В последние месяцы войны, как и после войны, многие местные ребята разбежались по лесам. Они скрывались от призыва в Советскую Армию. Их массово призывали в вооружённые силы и отправляли в Курляндский котёл воевать за советскую власть. Я знал троих таких «беглецов» – моего двоюродного брата, отца моего друга и ещё одного соседа. Они время от времени спали у нас дома, ночевали на полу. Маму просили дать им подушки. Мы не могли никому ничего о них говорить. Днём они прятались в лесу. В 1947 году все трое обратились к официальным властям в Резекне и после фильтрации остались живы и здоровы и начали нормальную гражданскую жизнь.

Сразу после войны в Вилянах появилось много русских семей с детьми. В результате массовой и планомерной миграции Виляны стали двуязычным городом. И по сей день в Вилянах проживает более 50% русских и только 47% латышей. Во времена Улманиса4 в Вилянах проживало 1,3 тысячи человек. В советское время население городка выросло до 4,7 тысяч. Согласно статистике, на момент написания этой книги в Вилянах проживало менее 3 тысяч жителей. Я прекрасно помню послевоенные потоки мигрантов из огромного Советского Союза. Из нашего дома было хорошо видно железную дорогу, по которой шли составы с переселенцами из Москвы в Ригу. Многие из них сидели на крышах вагонов. Голодные, облезлые и грязные, они смотрели на наши поля, леса, дома, людей.

Конечно же, война дала о себе знать. Царил тотальный дефицит. Не было ничего. Так как у нас было своё хозяйство, мы не умерли с голоду. Примерно в 1949—1950 годах наши земли и скот перешли совхозу, позже Вилянской селекционно-испытательной станции. Нам великодушно оставили одну корову. Наверно, мы не оказались в Сибири только потому, что по меркам властей нас причислили к беднякам.

События приходили и уходили, и я рос вместе с ними. Я получил первое католическое причастие в 1945 году.

Церковные праздники были прекрасными, но моим самым большим праздником были школьные каникулы. В школе музыка стала наслаждением для моей души. Я пел в школьном хоре, танцевал, играл на духовых инструментах, трубе и теноре.

Я учился в Вилянской средней школе. Утром 3 километра в школу, вечером 3 километра назад домой. Ходил из нашего хутора вместе с соседями Леоном Тутаном и Адольфом Саминьшем. Ходьба подталкивала к размышлению. Пока идёшь, хорошо размышлять о самых разных вещах и напевать где-то услышанные мелодии. Обучение в школе велось в трёх параллельных классах – двух латышских и одном русском.
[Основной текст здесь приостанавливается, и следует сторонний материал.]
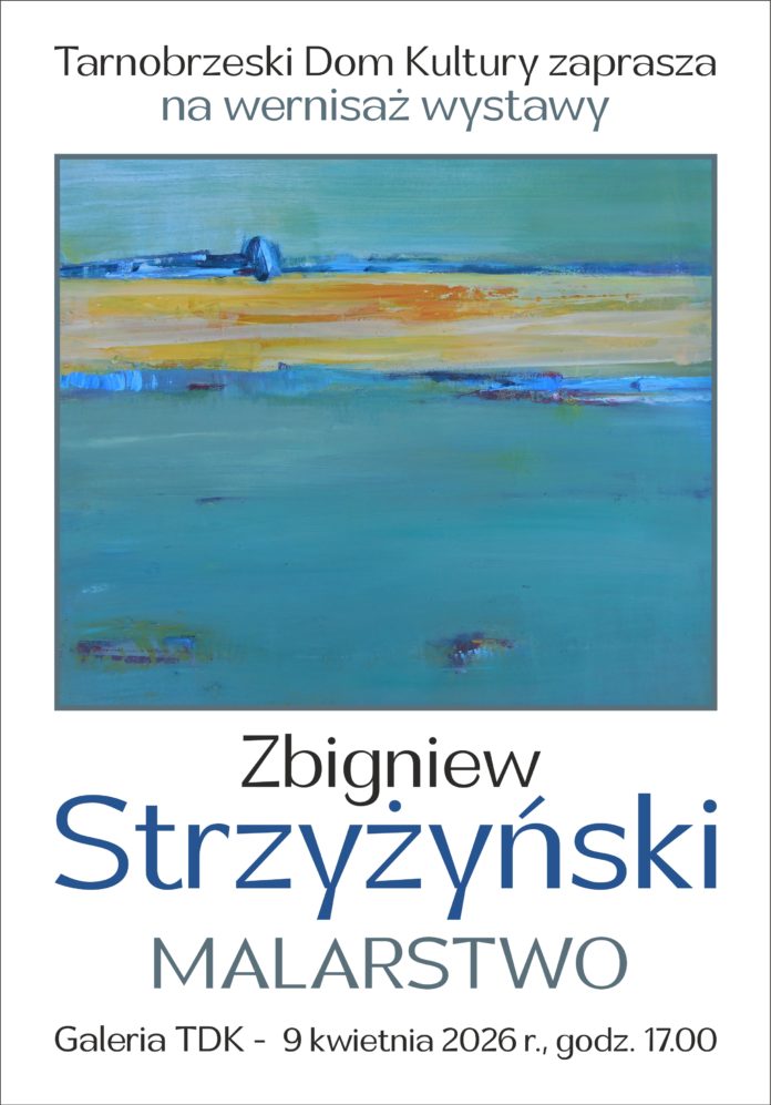 Wystawę prac Zbigniewa Strzyżyńskiego w Galerii TDK można będzie oglądać do połowy maja. Wernisaż odbędzie się 9 kwietnia o godz. 17:00 w Tarnobrzeskim Domu Kultury. Wstęp jest wolny.

В моём классе было 25 учеников. Моими любимыми предметами были география и история. Меньше всего любил математику. Из языков, помимо латышского и русского, у нас был английский.

Хотя русский язык у нас начали преподавать только с 4-го класса, я заговорил по-русски гораздо раньше. После войны вокруг собралось много русскоязычных детей. Как-то ведь надо было объясняться.

В наше время в Латвии не было октябрят. В 1950 году весь наш класс приняли в пионеры. Раздали красные галстуки. Мы их каждый день не носили – только по праздникам. Пионервожатым у нас был мужчина. Приём в пионеры оказался несерьёзно формальным. Вожатый вошёл в класс и спросил, согласны ли мы вступить в большой отряд советских пионеров. Мы ответили: «Всегда готовы!» Для нас это ничего не значило – все согласились, но и другого выбора не было.